Every record that follows should be written out again without any change.
═══ DATA FOR PROCESSING ═══
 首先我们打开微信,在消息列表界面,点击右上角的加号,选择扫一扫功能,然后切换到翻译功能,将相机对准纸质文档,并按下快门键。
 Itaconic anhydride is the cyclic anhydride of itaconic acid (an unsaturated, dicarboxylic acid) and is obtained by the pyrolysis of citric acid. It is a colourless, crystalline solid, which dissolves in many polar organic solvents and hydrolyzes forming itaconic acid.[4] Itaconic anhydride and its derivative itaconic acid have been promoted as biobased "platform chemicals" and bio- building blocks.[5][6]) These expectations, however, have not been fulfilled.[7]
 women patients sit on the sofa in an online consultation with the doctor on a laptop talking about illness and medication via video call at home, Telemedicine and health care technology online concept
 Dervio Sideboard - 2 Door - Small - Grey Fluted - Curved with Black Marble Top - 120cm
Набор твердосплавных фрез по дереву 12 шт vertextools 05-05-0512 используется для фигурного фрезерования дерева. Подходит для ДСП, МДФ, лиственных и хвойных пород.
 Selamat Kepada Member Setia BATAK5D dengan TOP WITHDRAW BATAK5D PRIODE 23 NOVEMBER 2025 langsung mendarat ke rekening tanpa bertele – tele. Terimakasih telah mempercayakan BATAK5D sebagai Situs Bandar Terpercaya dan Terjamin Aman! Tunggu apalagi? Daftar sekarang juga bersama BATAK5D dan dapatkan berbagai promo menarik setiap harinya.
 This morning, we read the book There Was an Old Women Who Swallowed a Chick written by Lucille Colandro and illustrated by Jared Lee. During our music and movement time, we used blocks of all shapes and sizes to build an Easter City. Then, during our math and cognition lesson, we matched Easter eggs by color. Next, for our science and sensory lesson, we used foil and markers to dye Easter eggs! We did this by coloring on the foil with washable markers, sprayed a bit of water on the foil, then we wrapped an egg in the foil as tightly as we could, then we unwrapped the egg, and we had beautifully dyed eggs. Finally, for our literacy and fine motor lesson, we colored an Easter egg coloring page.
═══
RESULT OF THE TASK |
 首先我们打开微信,在消息列表界面,点击右上角的加号,选择扫一扫功能,然后切换到翻译功能,将相机对准纸质文档,并按下快门键。
 Itaconic anhydride is the cyclic anhydride of itaconic acid (an unsaturated, dicarboxylic acid) and is obtained by the pyrolysis of citric acid. It is a colourless, crystalline solid, which dissolves in many polar organic solvents and hydrolyzes forming itaconic acid.[4] Itaconic anhydride and its derivative itaconic acid have been promoted as biobased "platform chemicals" and bio- building blocks.[5][6]) These expectations, however, have not been fulfilled.[7]
 women patients sit on the sofa in an online consultation with the doctor on a laptop talking about illness and medication via video call at home, Telemedicine and health care technology online concept
 Dervio Sideboard - 2 Door - Small - Grey Fluted - Curved with Black Marble Top - 120cm
Набор твердосплавных фрез по дереву 12 шт vertextools 05-05-0512 используется для фигурного фрезерования дерева. Подходит для ДСП, МДФ, лиственных и хвойных пород.
 Selamat Kepada Member Setia BATAK5D dengan TOP WITHDRAW BATAK5D PRIODE 23 NOVEMBER 2025 langsung mendarat ke rekening tanpa bertele – tele. Terimakasih telah mempercayakan BATAK5D sebagai Situs Bandar Terpercaya dan Terjamin Aman! Tunggu apalagi? Daftar sekarang juga bersama BATAK5D dan dapatkan berbagai promo menarik setiap harinya.
 This morning, we read the book There Was an Old Women Who Swallowed a Chick written by Lucille Colandro and illustrated by Jared Lee. During our music and movement time, we used blocks of all shapes and sizes to build an Easter City. Then, during our math and cognition lesson, we matched Easter eggs by color. Next, for our science and sensory lesson, we used foil and markers to dye Easter eggs! We did this by coloring on the foil with washable markers, sprayed a bit of water on the foil, then we wrapped an egg in the foil as tightly as we could, then we unwrapped the egg, and we had beautifully dyed eggs. Finally, for our literacy and fine motor lesson, we colored an Easter egg coloring page.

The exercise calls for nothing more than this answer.